Тоцци в изумлении смотрел ему вслед. Гиббонс – в черных, начищенных до блеска ботинках, в белоснежной рубашке, всегда подтянутый – орет на непосредственное начальство? Тоцци взглянул на Иверса.
– О, может, продолжить этот разговор позже, когда мы все несколько поостынем?
– Ах, Тоцци, не беспокойтесь, пожалуйста. Мы, несомненно, продолжим этот разговор. Конечно, мы продолжим этот разговор. Можете не сомневаться. – Сарказм в тоне Иверса не предвещал ничего хорошего. Он принялся рыться в картотеке, всем своим видом показывая, что крайне занят, и это означало, что Тоцци может убираться ко всем чертям. В самом деле, старая задница.
Тоцци вышел от Иверса и направился прямо в комнатушку Гиббонса. Его напарник сидел там, положив ноги на стол и сплетя пальцы у губ так, словно молился. Тоцци ожидал найти его взбешенным. А он был скорее печален.
– Эй, Гиб, ты это серьезно насчет отставки? – Тоцци отодвинул стул и уселся.
Гиббонс скосил на Тоцци глаза, заморгал и вздохнул. Тоцци совсем не нравилось его молчание.

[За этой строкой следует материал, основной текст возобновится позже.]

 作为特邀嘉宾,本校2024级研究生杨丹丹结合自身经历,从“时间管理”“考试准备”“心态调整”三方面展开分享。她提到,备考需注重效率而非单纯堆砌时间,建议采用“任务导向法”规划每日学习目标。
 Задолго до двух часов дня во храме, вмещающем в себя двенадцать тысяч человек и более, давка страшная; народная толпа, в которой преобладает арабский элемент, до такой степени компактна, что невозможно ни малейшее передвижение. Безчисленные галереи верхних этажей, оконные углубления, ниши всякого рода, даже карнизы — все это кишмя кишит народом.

– Иверс – старая задница. Должность у него такая. Сам знаешь.
– Да... знаю.
Гиббонс говорил, очень тихо, почти шепотом, так он был подавлен. Вовсе на него не похоже. Он обычно честит Иверса вдоль и поперек. Какая муха сегодня его укусила?
– Послушай, пусть Иверс немножечко поостынет, потом я схожу и поговорю с ним. Можем даже вместе сходить, попозже, выслушаем эту фигню, покиваем головами, и на этом все. Пусть, черт побери, душу отведет, покажет, что он здесь главный. Этого ему только и надо...
– Как твоя девушка, Тоц?
– Кто?
– Роксана. Как она?
– Нормально. Но при чем тут она?
Гиббонс кивнул, не убирая рук.
– Хорошая девушка. Не будь дураком. Обращайся с ней хорошо.
– О чем это ты?
– Послушай меня. Обращайся с ней хорошо. Не обижай ее. Иначе будешь жалеть.

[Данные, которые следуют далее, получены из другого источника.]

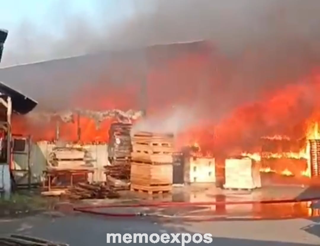 memoexpos.co – Kebakaran hebat melahab gudang pengolahan kayu PT Layo Seng Fong di Jalan Nurcholish Majid, Desa Tunggorono, Kecamatan/Kabupaten Jombang, pada Jum’at (13/9/2023) pagi.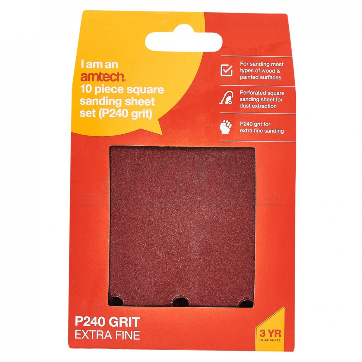 The Amtech 10pc Square Sanding Sheet Set Pack P240 Extra Fine includes 10 extra fine square sanding sheets for light finishing and surface smoothing. It is suited to fine preparation work between coats or before final finishing.

Тоцци вздохнул. Он понял, о чем идет речь.
– Лоррейн, дорогая сестричка. Опять тебе проходу не дает с отставкой, да?
Из груди Гиббонса вырвался глубокий вздох.

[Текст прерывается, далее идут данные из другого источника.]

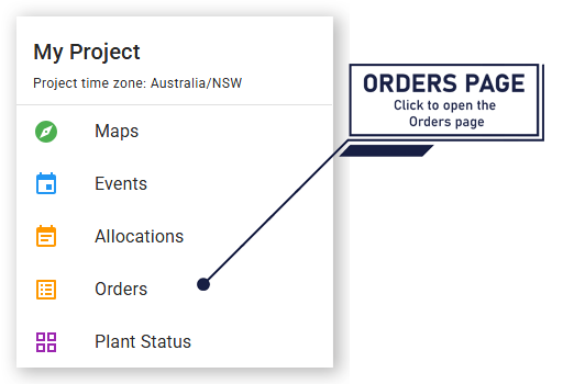 To open the Orders page:

– Я не говорил с ней с тех самых пор, как она ушла тогда со стоянки. Она не подходит к телефону. – Гиббонс взял со стола шариковую ручку и щелкнул ею. – И она права, что разозлилась. Я ее не виню.
– Так ты уходишь из Бюро, чтобы осчастливить Лоррейн? Брось ты, Гиб. Это глупо.
– Знаешь, когда я лежал в больнице, то серьезно подумывал жениться. Очень серьезно подумывал. Мы нуждаемся в чем-то надежном, постоянном. Тем более на склоне лет. И особенно я. Что я буду делать, когда уйду с этой работы? Что, если я тяжело заболею, слягу, как тогда? Кто станет заботиться обо мне? А о Лоррейн, если с ней что-нибудь случится? Кто – ты?
– Ты, Гиб, становишься сентиментальным. Или это от возраста?
– Валяй, Тоцци, смейся сколько влезет. Тебе пристало шутить, потому что ты еще молод. – Он снова защелкал ручкой. Это начинало действовать Тоцци на нервы.
– Что это ты такое плетешь? Ты хочешь сейчас выйти в отставку? Поселиться в каком-нибудь тихом пригороде с моей двоюродной сестричкой? Ты об этом подумываешь?
Гиббонс взглянул Тоцци в глаза.
– Я не хочу потерять ее.
– Значит, она поставила тебе ультиматум? И если ты не бросишь Бюро, она навсегда уйдет из твоей жизни?
Гиббонс закрыл глаза и торжественно покачал головой.
– Да нет же, говорю тебе. Я вообще с ней об этом не разговаривал. Так думаю я сам.
Сердце у Тоцци бешено заколотилось. Неужели он потеряет напарника?
– Ты бы лучше сходил к врачу. С тобой творится что-то неладное.
Гиббонс снял ноги со стола и отшвырнул ручку. Тоцци ждал язвительной реплики. Ее не последовало. Что же такое с ним стряслось?
– Лучше скажи прямо, Гиб. Скажи мне сейчас. Ты уходишь или нет? Я должен знать.
Гиббонс улыбнулся, как крокодил, заново рожденный крокодил, крокодил, приобщившийся к высшей мудрости, крокодил, увидевший свет, крокодил, который не кусается.
– Позже скажу, – заявил он, выходя из-за стола. – Теперь мне нужно в сортир.
И он ушел, а Тоцци остался один в кабинете. Он сидел насупившись. Где-то в желудке возникло ощущение пустоты, и вовсе не оттого, что приближалось время обеда. Он взял ручку со стола Гиббонса и принялся щелкать ею.